Photo credit: Christine Juette

4. Is there a country that you’d love to visit again and again, but never want to live there?

Oh many.

Don’t hate me family, but I would add the U.S.A to this list. Not talking about the politics (which at the moment, doesn’t help), I adore going back to America and throwing myself back into comfortable old routines. Getting my huge ice coffee, walking around the historical center of San Antonio, having a few laughs, it’s great, but I tend get bored after two weeks. I’m from Texas so maybe it would be a little different now if I went somewhere else, but even in California and NYC, I get stir crazy to return to Italy’s uncomfortably small sidewalks and cheap dinners (with wine). I adore living among such bewitching history and the proximity to say many cool cities, all very diverse, which are reachable in just an hour by plane.

Another one I would add to that list is Thailand. After our honeymoon, I was instantly hooked on Thai culture, Thai food (my dog is named “Ginger” for a reason) and the beautiful, varied landscape. However, I am also aware of vacation/vs. reality (as what happens to many people in Florence too) so I’d like to keep it as a vacation destination. Plus in Europe longer vacations are appreciated, how could I ever leave that behind?

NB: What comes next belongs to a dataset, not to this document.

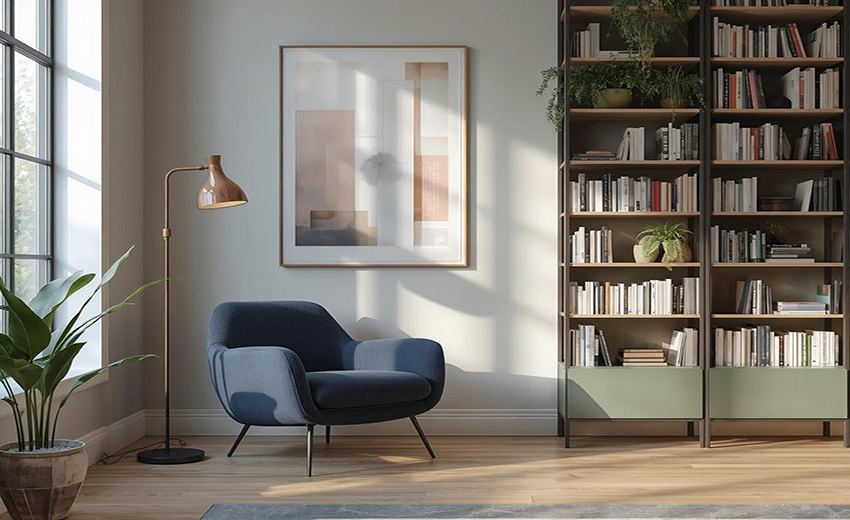 Pon estantes para tener los libros en las paredes. Recuerda que si tienes niños debes tener los libros a una altura considera.

5. I know you are a foodie, and you also cook at home a lot. What is your comfort food? Can you find it in any restaurant in Florence or you have to DIY at home?

Good question Sasha! It really depends on my mood. The half-Mexican in me always craves Mexican food: chilaquilas, tacos, guacamole, hearty black bean soup. We don’t have any decent Mexican restaurants so I just make it at home, supplemented with ingredients I get from Vivi Market at Sant’Ambrogio/Mercato Centrale, I bought a tortilla press online so that helps too! I also make Thai food at home and the occasional baked Camembert for you know, the French husband.

Thanks to Italy, I actually know how to cook and no longer think that “blue coconut” is an acceptable flavor 😉 (ah Sonic!). I happen to have a lot of amazing friends who write cookbooks like Emiko Davies and Giulia Scarpaleggia (Jul’s Kitchen) so I make their curated Tuscan recipes on the regular.

When it comes to spots around town, you have your pick, really. I love Sergio Gozzi in San Lorenzo for pasta, Semel for panini, Brindellone for fried coccoli, Teatro del Sale for a fun lunch, Trattoria Ruggiero for Tuscan bollito, boiled meats, and pasta), Casa del Vino for a glass of wine and crostini, Irene Bistro’s saffron risotto is legendary; and when it comes to wine, always Enoteca Pitti Gola e Cantina. Dessert is a slice of carnival cake schiacciata alla fiorentina from Pasticceria Giorgio (ok that’s more like breakfast), chocolate and raspberry tarts from Bottega di Pasticceria (new find!), or gelato at my friend Alberto’s gelateria, My Sugar. We eat a lot if you can’t tell, and I’m always up to following my belly’s rumble for our next fix.

#5QuestionsTo Girl In Florence

Aperitivo time in Piazza della Passera. Photo credit: Christine Juette

3 thoughts on “5 Questions To: Georgette Jupe

  1. Great interview-I’ve been waiting for someone to interview you G! So glad people like you both love writing about Italy, I live vicariously through your blogs!